• **Data block**:
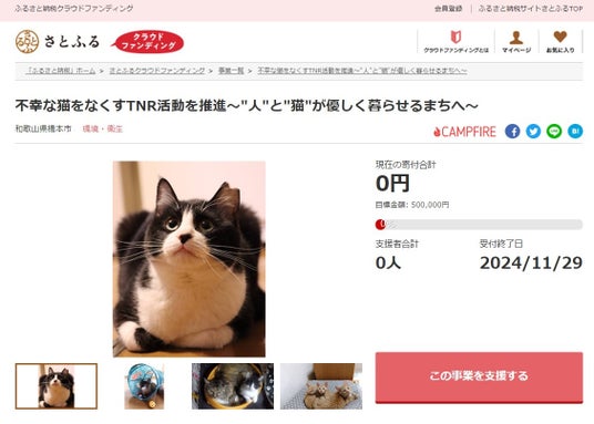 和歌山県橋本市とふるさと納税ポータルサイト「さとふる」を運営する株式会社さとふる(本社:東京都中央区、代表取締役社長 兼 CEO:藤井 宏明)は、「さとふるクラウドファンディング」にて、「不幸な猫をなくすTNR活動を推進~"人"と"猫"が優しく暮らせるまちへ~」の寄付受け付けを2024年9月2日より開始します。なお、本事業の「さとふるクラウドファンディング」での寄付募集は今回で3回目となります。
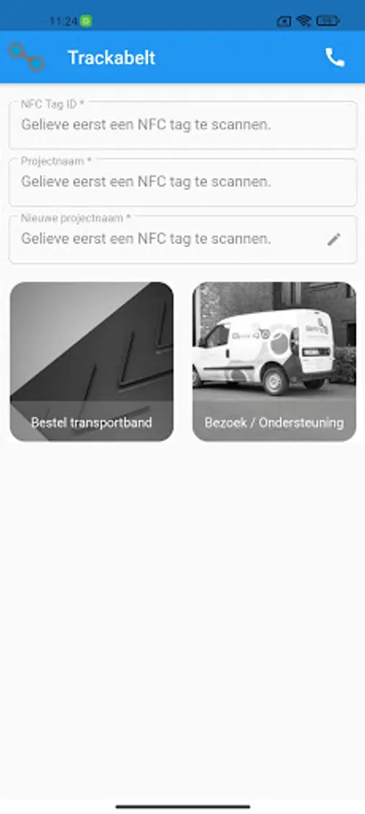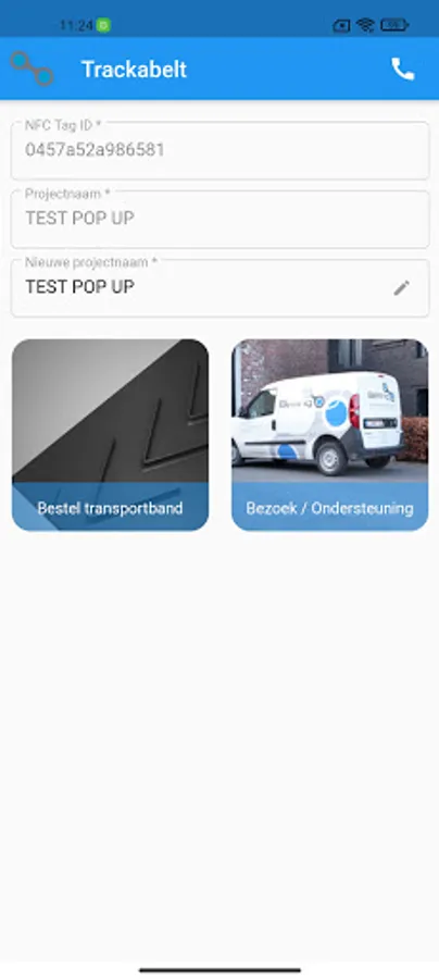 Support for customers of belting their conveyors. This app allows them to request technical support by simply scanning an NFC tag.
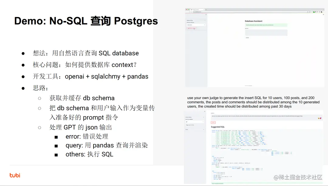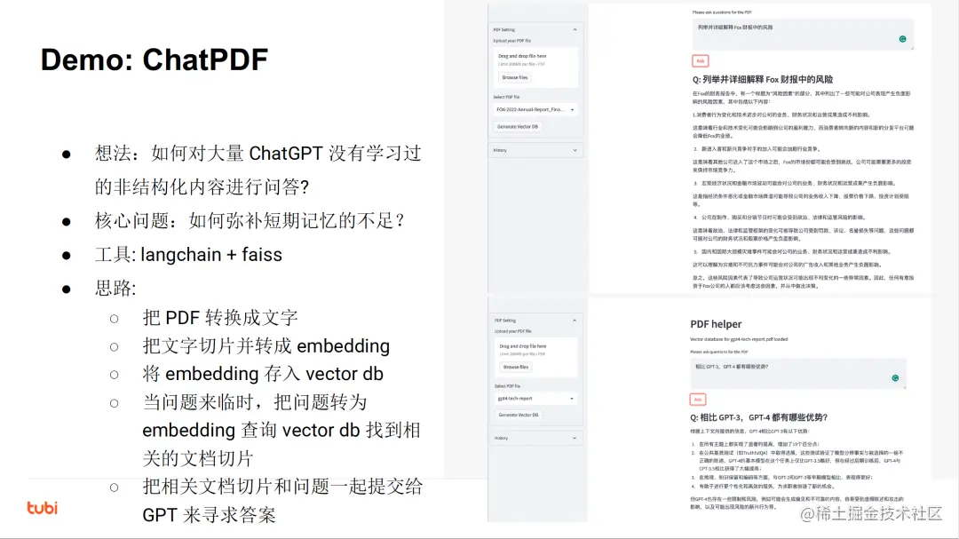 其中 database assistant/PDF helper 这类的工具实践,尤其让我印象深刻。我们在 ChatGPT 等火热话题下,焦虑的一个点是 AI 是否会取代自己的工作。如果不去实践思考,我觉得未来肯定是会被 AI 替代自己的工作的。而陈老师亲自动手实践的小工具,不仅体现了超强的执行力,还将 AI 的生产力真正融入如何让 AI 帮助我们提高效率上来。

• **Work task**: Your response must reproduce the listing above word for word and must contain none of its pictures.

• **Answer**:
 和歌山県橋本市とふるさと納税ポータルサイト「さとふる」を運営する株式会社さとふる(本社:東京都中央区、代表取締役社長 兼 CEO:藤井 宏明)は、「さとふるクラウドファンディング」にて、「不幸な猫をなくすTNR活動を推進~"人"と"猫"が優しく暮らせるまちへ~」の寄付受け付けを2024年9月2日より開始します。なお、本事業の「さとふるクラウドファンディング」での寄付募集は今回で3回目となります。
 Support for customers of belting their conveyors. This app allows them to request technical support by simply scanning an NFC tag.
 其中 database assistant/PDF helper 这类的工具实践,尤其让我印象深刻。我们在 ChatGPT 等火热话题下,焦虑的一个点是 AI 是否会取代自己的工作。如果不去实践思考,我觉得未来肯定是会被 AI 替代自己的工作的。而陈老师亲自动手实践的小工具,不仅体现了超强的执行力,还将 AI 的生产力真正融入如何让 AI 帮助我们提高效率上来。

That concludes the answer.